ISLAMABAD: The Ministry of Finance on Wednesday admitted that it booked Rs64 billion as non-tax revenue on account of sale proceeds of two power plants despite the fact the buyer company – Pakistan Development Fund Limited (PDFL) – exists only on paper.
“After conducting extensive negotiations with stakeholders, including with Ministry of Water & Power, the PDFL injected money in two projects and acquired shares worth Rs64 billion, which was paid to the federal government as non-tax receipts,” said Ministry of Finance.
The ministry issued this statement in response to a story of The Express Tribune, which reported that the government double booked Rs64 billion of the PDFL to understate budget deficit for the fiscal year 2016-17 despite that the PDFL money had already been taken into account in previous fiscal year.
The story said the PDFL money had been booked in fiscal year 2014-15. In fact, it had been booked in 2013-14 as ‘statistical discrepancy’ that provided the due advantage to the government despite placing it under ‘foreign grants’.
In its response, the ministry said it was intimated for the information of the public that the PDFL had been incorporated as a Non-Banking Financial Institution with the objective of financing and investment in infrastructure projects.
The PDFL identified two power projects – Haveli Bahadur Shah and Balloki owned by the National Power Parks Management Company Limited (NPPMCL) – where it could make investments out of the funds available with it.
However, the ministry did not explain the process that it adopted to select the PDFL for selling stakes of these two power plants. The sale of the government assets is considered as divestment, which requires many steps including due diligence, selection of financial advisers, evaluators, calling bids and short-listing of prospective bidders.
The divestment is the subject of the Privatisation Commission but it had not been involved in this process, said the sources. Instead, the Finance Ministry moved a summary to the federal government, seeking its permission to sell these power plants to the PDFL.
The purpose of the summary was to replace a portion of Rs114 billion Cash Development Loans given for two power projects’ construction. The debt had been acquired at Kibor plus 3% interest rate and the ministry offered to replace it with Kibor plus 2.75% by availing the PDFL money on the pretext it will reduce tariff. In return, the ministry offered the equity stakes of these two power plants to the PDFL.
The summary was subsequently sent to the Ministry of Water and Power for ‘comments’ that asked to seek resolutions of the two boards – the PDFL Board and the NPPMCL Board, said the sources.
Moreover, the government has not yet hired a full-time chief executive officer of the PDFL, as the secretary finance serves as its interim CEO. The finance minister is the chairman of the board.
The PDFL does not have an office and it has not yet recruited staff.

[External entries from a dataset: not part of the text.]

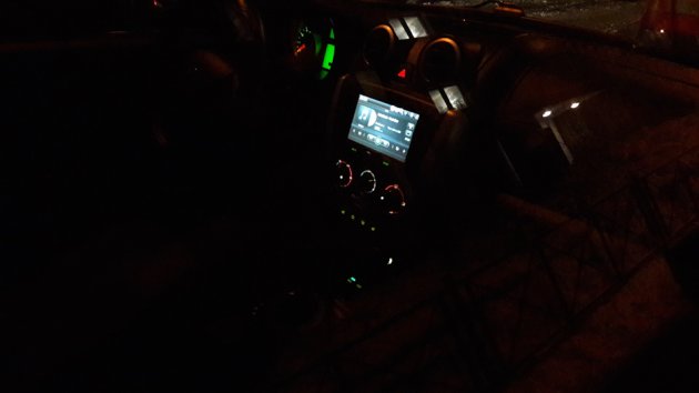Снимаем центральную накладку панели приборов (торпедо), для этого поддеваем отверткой все рукоятки регуляторов печки, а затем и саму пластиковую накладку, отщелкивая ее по периметру, начиная с нижнего правого угла. Затем устанавливаем светодиодные модули на двусторонний скотч. Яркая подсветка нам гарантирована.
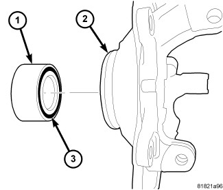 CAUTION: When installing the wheel bearing (1) in the knuckle (2) it is important to place the side of bearing with the wheel speed sensor magnetic encoder ring (dark band) (3) in the knuckle first. Otherwise, the wheel speed sensor will not operate correctly.
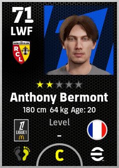 . Anthony Bermont is a Left Wing Forward footballer from France who plays for Rc Lens in eFootball 2026.
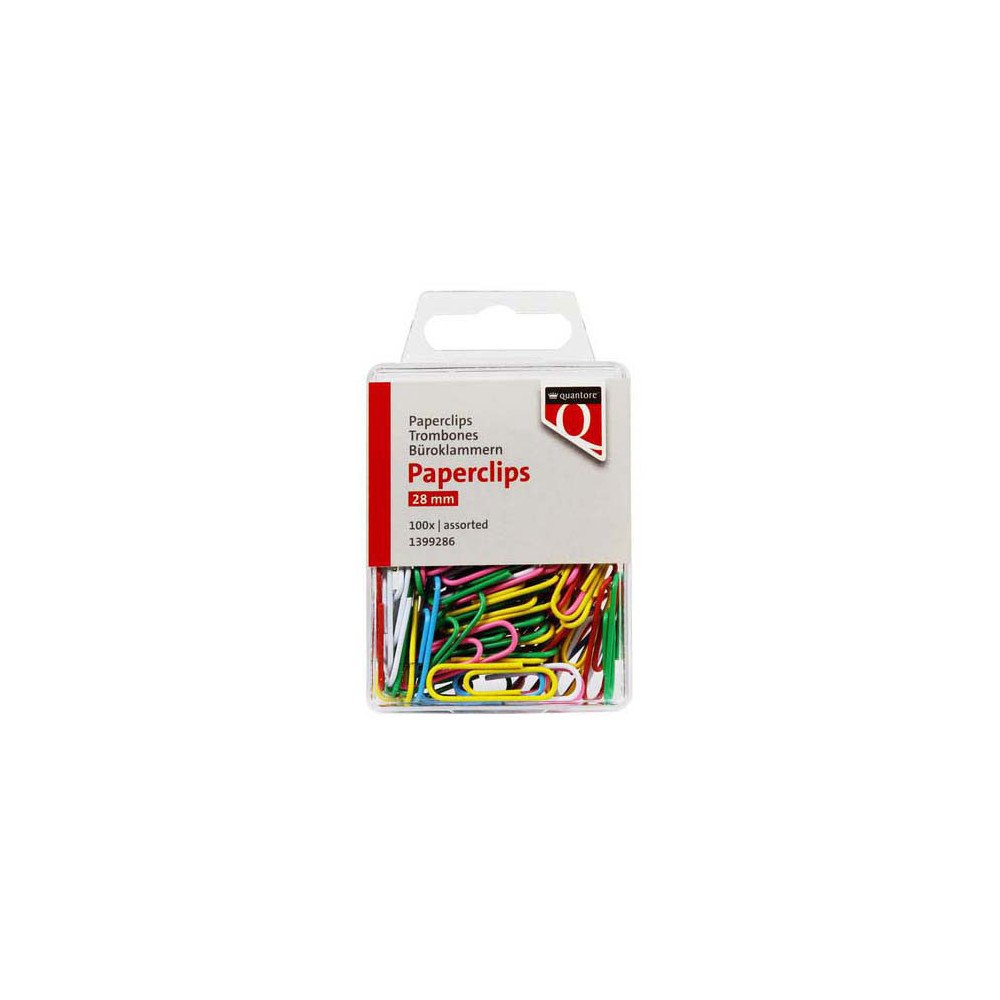 De ronde paperclips van Quantore in vrolijke assorti kleuren zijn perfect voor het organiseren van documenten op een kleurrijke en overzichtelijke manier. Met een lengte van 28mm bieden deze metalen paperclips stevige grip en zijn ze ideaal voor dagelijks gebruik op kantoor, op school of thuis. Dankzij de verschillende kleuren kun je eenvoudig sorteren en categoriseren. Verpakt in een handige blister met 100 stuks, zodat je altijd voldoende bij de hand hebt.

This raises question who decided to use the PDFL funds when everything is at initial stage of establishment.
While setting up the PDFL, the government had announced that it would ensure development of infrastructure in the country. However, in case of acquisition of the two power plants, no additional investment was made. Only the ownership of the plants was changed from the NPPMCL to the PDFL.
This showed that the only purpose of this transaction was to understate the budget deficit by taking into an amount that had already been booked, as from the financing side the deficit was close to 6.3% of GDP. But the Finance Division spokesman has expressed indignation and concern over the news report.
Finance Ministry’s contention
The spokesman for the Finance Ministry said Rs64 billion “amount was never taken as government revenue receipt but was a foreign grant and placed under external financing”.
He further said: “This was booked as expense of federal government as grant-in-aid to Pakistan Development Fund Limited (PDFL) during the 2013-14”.
What the Finance Ministry did not explain was that in fiscal year 2013-14 accounts, it showed huge ‘statistical discrepancy’ of Rs215 billion that included Rs157 billion of Saudi Arabian gift, which it subsequently parked in the PDFL.
By showing the statistical discrepancy, the ministry took the cash balance benefit of the PDFL amount in fiscal year 2013-14. Still, it insisted that the report on understatement of budget deficit was an “attempt through misstatements, innuendos and conjectures to malign completely legitimate transactions”.